START DATA FOR REVIEW

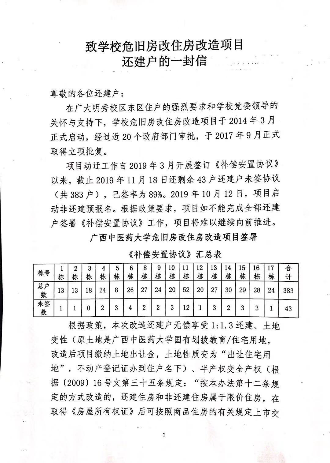 致学校危旧房改住房改造项目还建户的一封信
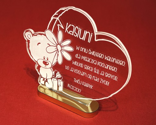 Piękny prezent na Walentynki - statuetka akrylowa z Twoją dedykacją
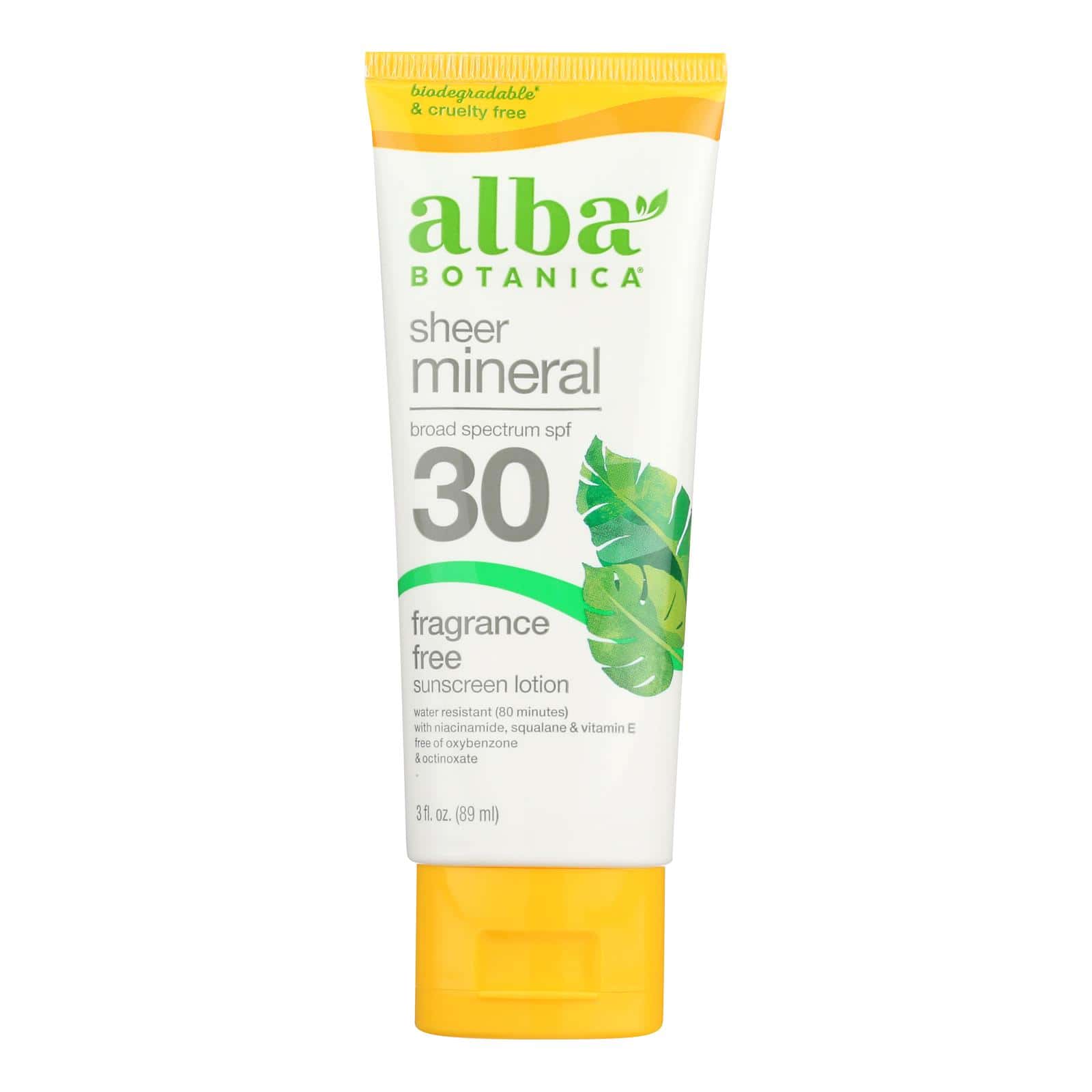 ALBA BOTANICA FRAGRANCE FREE SPF 30 VERY EMOLLIENT MINERAL SUNSCREEN PROVIDES BROAD SPECTRUM UVA/UVB PROTECTION AGAINST SUNBURN, SKIN CANCER AND PREMATURE SIGNS OF AGING. THIS FAST ABSORBING SUNSCREEN IS WATER RESISTANT AND MOISTURIZING. THIS PRODUCT CONTAINS NO ARTIFICIAL COLORS, PARABENS, PHTHALATES OR HARSH SULFATES. OUR SUNSCREEN IS MADE OF 100% VEGETARIAN INGREDIENTS, NOT TESTED ON ANIMALS AND IS CORAL REEF SAFE. INCLUDES ONE 4 OZ. CONTAINER OF ALBA BOTANICA FRAGRANCE FREE SPF 30 VERY EMOLLIENT MINERAL SUNSCREEN.
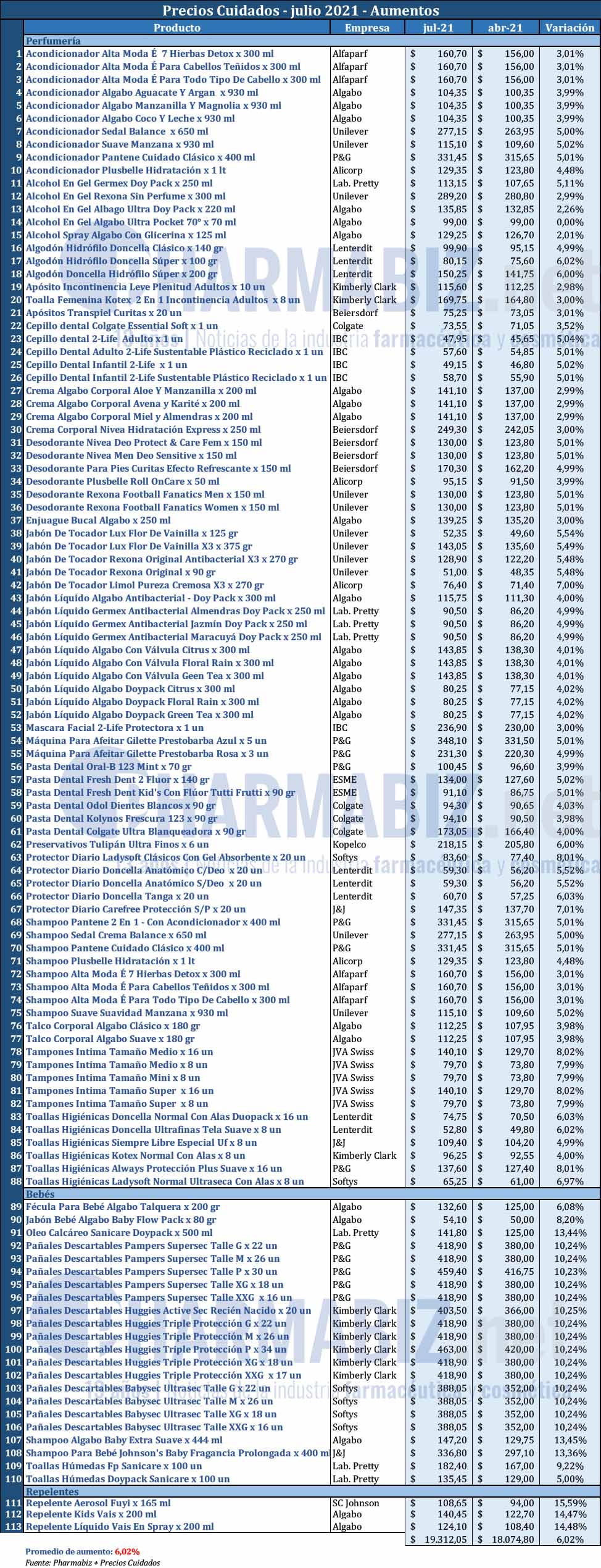 El programa de Precios Cuidados se renovó el miércoles 7 de julio, en un contexto en el que la inflación ya acumula un 21.5% desde enero a mayo de este 2021. Y en sintonía con este guarismo, esta nueva edición exhibió aumentos en promedio del 5%, según se comunicó desde el Ministerio de Desarrollo Productivo. Ver Comunicado
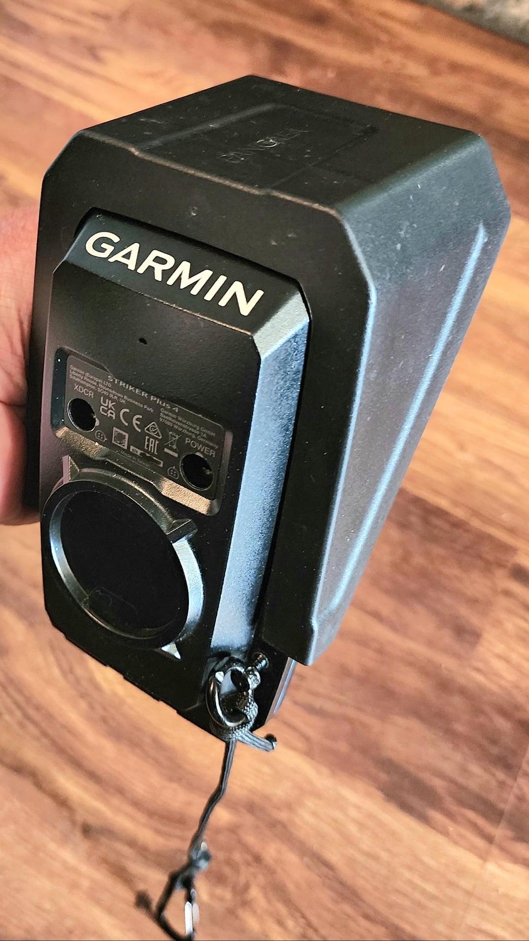 My solution to my fear knocking my most expensive piece of gear of the kayak with my knee or paddle. I learned that the threaded mounting hole on the Striker 4 takes an M4 bolt. So I got some M4 eye-bolts and now I clip it to the hull.
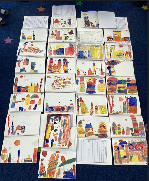The children started drawing their art using a variety of shapes. We then used primary colours to start with and mixed these to create secondary colours. We are all so proud of the artwork created!
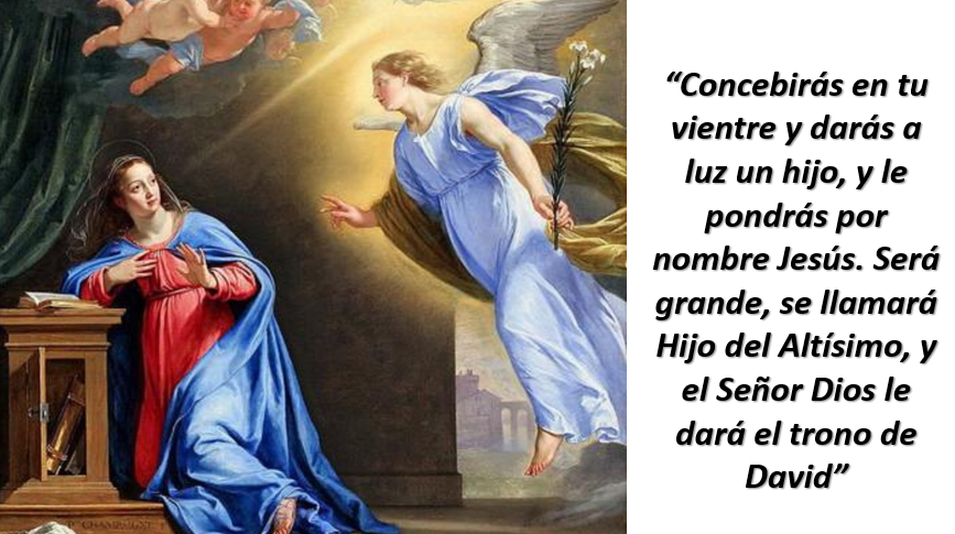 El Evangelio de la Anunciación, lo hemos leído hace poco, en la fiesta de la Inmaculada, pero en aquella fiesta lo hacíamos en clave de anuncio a María, hoy lo hacemos en clave de anuncio del nacimiento del Mesías. En el evangelio, el sí que María, su respuesta afirmativa al plan salvífico de Dios, le lleva concebir en su seno, a dar a luz un hijo y al que pondrá por nombre Jesús, “Concebirás en tu vientre y darás a luz un hijo, y le pondrás por nombre Jesús. Será grande, se llamará Hijo del Altísimo, y el Señor Dios le dará el trono de David” cumpliéndose la promesa davídica, la promesa de salvación. El sí de María representa de algún modo a todos los que a lo largo de la historia han dicho si a los planes de Dios. Es el Espíritu de Dios quien lleva la iniciativa y dirige los hilos de la historia, sirviéndose de personas. María es la que puede ayudarnos a vivir la Navidad con mayor profundidad desde nuestra fe, acogiendo a Dios en nuestra vida con el mimo amor y la misma fe que ella. El ángel Gabriel nos anuncia, como hiciera hace dos mil años, que Dios quiere venir, que quiere nacer en nosotros, desea venir a nuestras vidas, para que podamos transformar el mudo con el anuncio del Evangelio.
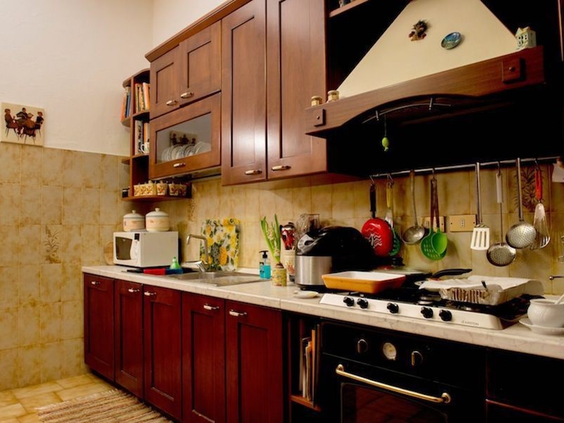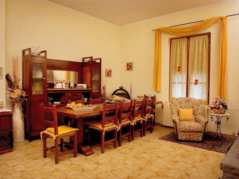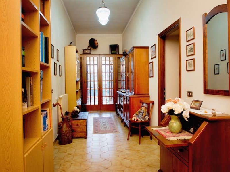 La sala da pranzo ha un camino in muratura in stile toscano. Il salotto si affaccia sulla veranda abitabile, dove organizzare i pranzi delle sere d'estate. Percorrendo il corridoio si accede alle tre camere da letto del piano di sotto e alla sala da bagno padronale. La cucina abitabile è dotata di forno, frigorifero e lavastoviglie di grande capacità. Grande spazio è riservato alla dispensa e ai pensili.
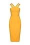 Featuring a mustard basic V neck shift dress with metal chip detail around straps.
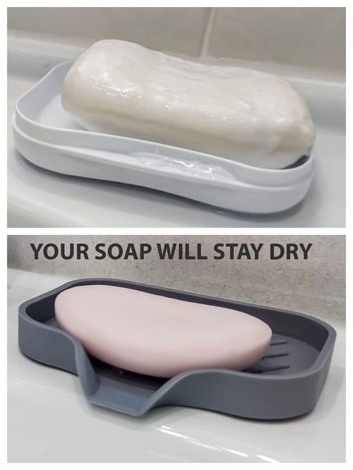 100 % Silicone SOAP CONTAINER - The soap save is made of silica gel, which is soft and flexible and not easily damaged. Easy to clean, can be used for a long time. SELF DRAINING SOAP HOLDER - The silicone sponge caddy is a must need for your kitchen counter organizer. Being handy sink tray, the dish sponge holder keeps things an easily accessible place on hand. Sink sponge holder protects sink area from soap or water and keeps the wet sponges off the counter. PREMIUM SILICONE MATERIAL: Our silicone sink caddy is made of flexible silicone. After use, simply wash it with a warm soapy water. Or simply toss into the dishwasher! Each sink tray measures 12.4 x 9.8 cm. SOAP DISH WITH DRAIN - Silicone soap dish never get rust or moldy. Dose not slide around and stick too tightly to your soaps. These soap dishes are suitable for different size of soaps. KITCHEN SINK ACCESSORIES - soap dishes can be used for bathroom, kitchen, and other places. These soap trays mainly used at home for shower, bath tub, dish sponge, cleaning ball, men's shaver, shampoo, shower gel, ladies hair Clips, earrings, and other small items.
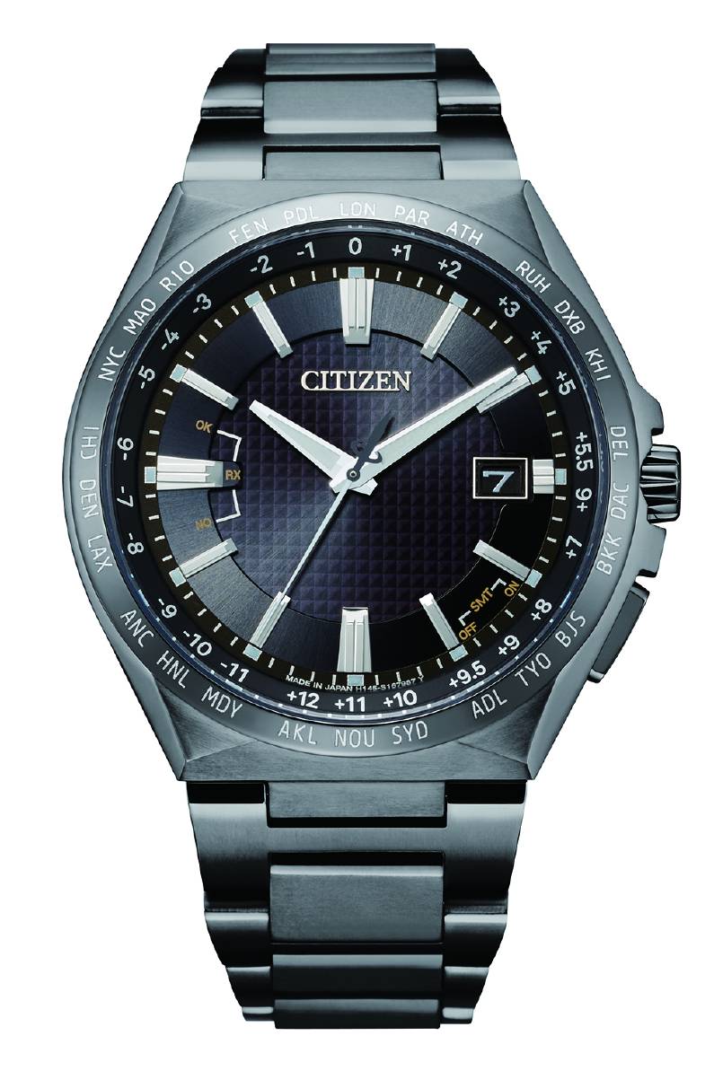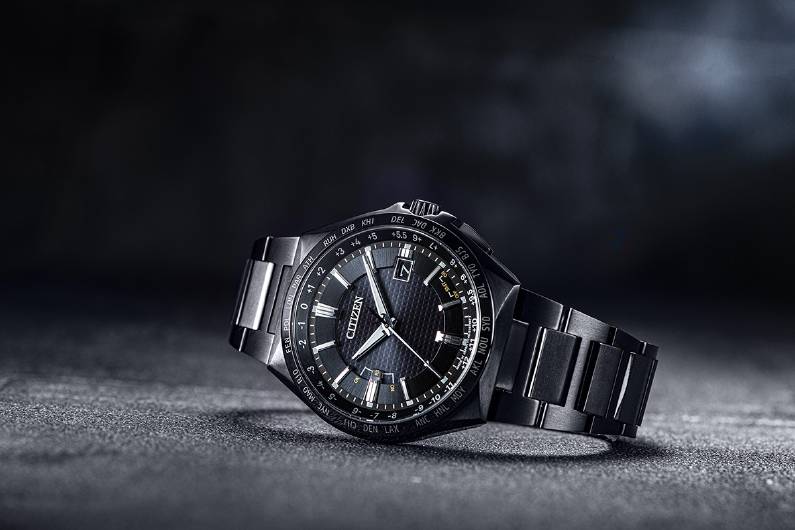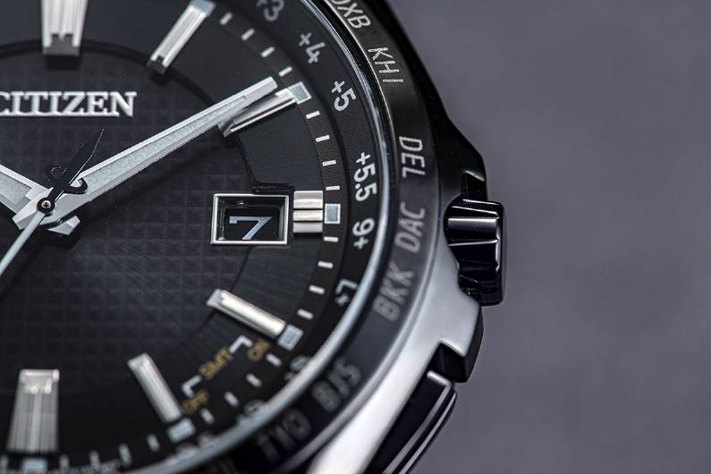 ケース部とバンド部には、シチズン独自の製造・加工方法で仕上げた高品質チタニウムに、「デュラテクト」という独自の表面硬化技術を用いてコーティングを施した「ブラックチタン™(チタニウム+デュラテクトDLC)」を採用。「スーパーチタニウム™」とも呼ばれるこの素材は、軽快感や肌にやさしい滑らかな触り心地を提供するだけでなく、一般的なステンレスの5倍以上になるという突出した硬度も実現している。
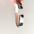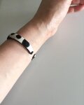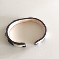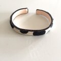 ダルメシアン柄の厚手牛ハラコとヌメ革(牛タンロー)をスチール製の芯に革専用接着剤で張り付けたシンプルなバングルです。裏にヌメ革にしてより本革をアピールしました。
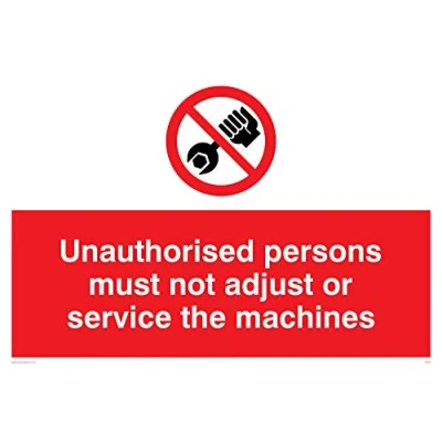 Viking Signs PM44 A4L V "Unauthorised Person Must Not AdJust Or Service The Machines" Sign, Vinyl, 200 mm H x 300 W
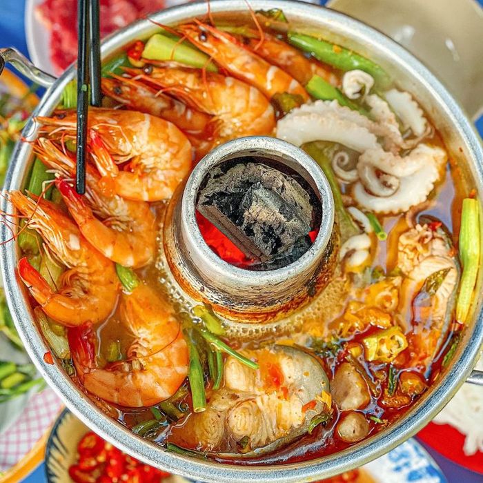 Dong Huong Goat HotpotLocated within Landmark 81, MK Hotpot is a premium restaurant that promises unforgettable culinary experiences. The restaurant boasts a luxurious ambiance and professional service, which are major highlights. MK Hotpot is renowned for its delicious and high-quality seafood hotpot. A bubbling pot filled with rich broth, accompanied by an array of seafood including squid, shrimp, fish balls, clams, and fresh vegetables, as well as noodles, creates a tantalizing feast for food enthusiasts. Amidst the plethora of seafood options, watching them cook in the pot and anticipating their perfect readiness is a delightful experience. The combination of fresh seafood and flavorful broth, with a hint of sweetness and distinctive taste, ensures a satisfying dining experience worth the price. Therefore, make a reservation at MK Restaurant to indulge in a hotpot feast with fresh seafood alongside friends and family.
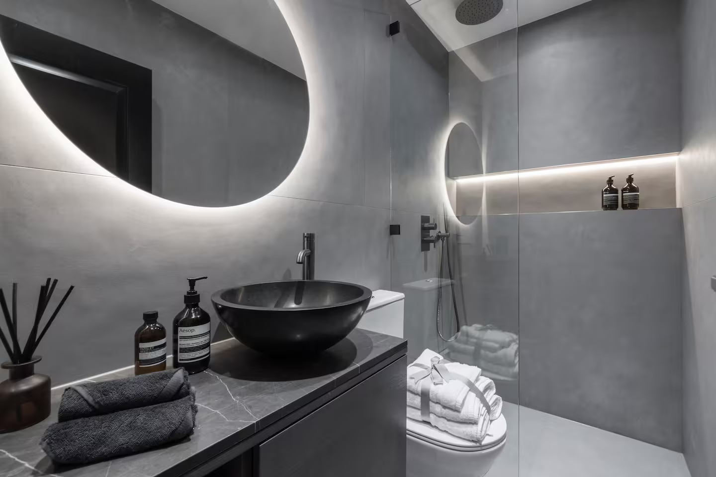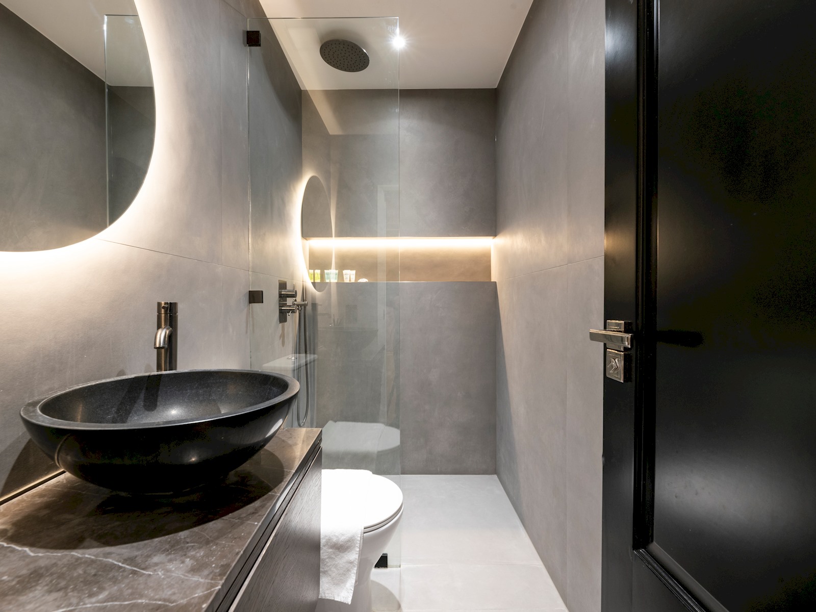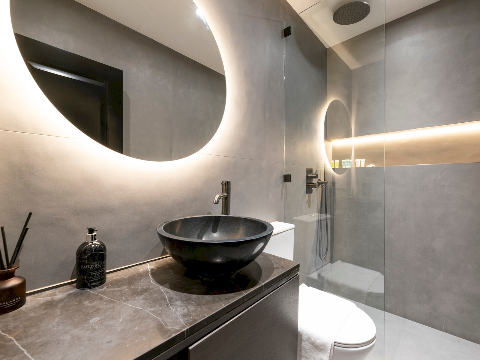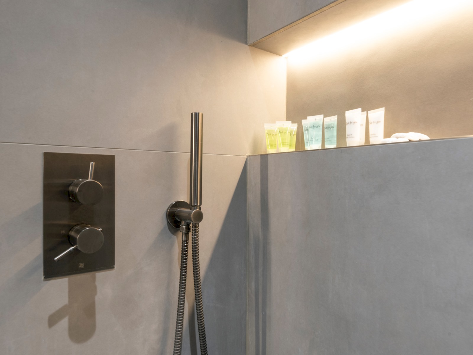 – A contemporary, grey-tiled space with a walk-in rain shower.

END DATA FOR REVIEW

Both ends included, copy word for word the lines from the top of the entries above through the line with "El programa de". No pictures.

 致学校危旧房改住房改造项目还建户的一封信
 Piękny prezent na Walentynki - statuetka akrylowa z Twoją dedykacją
 ALBA BOTANICA FRAGRANCE FREE SPF 30 VERY EMOLLIENT MINERAL SUNSCREEN PROVIDES BROAD SPECTRUM UVA/UVB PROTECTION AGAINST SUNBURN, SKIN CANCER AND PREMATURE SIGNS OF AGING. THIS FAST ABSORBING SUNSCREEN IS WATER RESISTANT AND MOISTURIZING. THIS PRODUCT CONTAINS NO ARTIFICIAL COLORS, PARABENS, PHTHALATES OR HARSH SULFATES. OUR SUNSCREEN IS MADE OF 100% VEGETARIAN INGREDIENTS, NOT TESTED ON ANIMALS AND IS CORAL REEF SAFE. INCLUDES ONE 4 OZ. CONTAINER OF ALBA BOTANICA FRAGRANCE FREE SPF 30 VERY EMOLLIENT MINERAL SUNSCREEN.
 El programa de Precios Cuidados se renovó el miércoles 7 de julio, en un contexto en el que la inflación ya acumula un 21.5% desde enero a mayo de este 2021. Y en sintonía con este guarismo, esta nueva edición exhibió aumentos en promedio del 5%, según se comunicó desde el Ministerio de Desarrollo Productivo. Ver Comunicado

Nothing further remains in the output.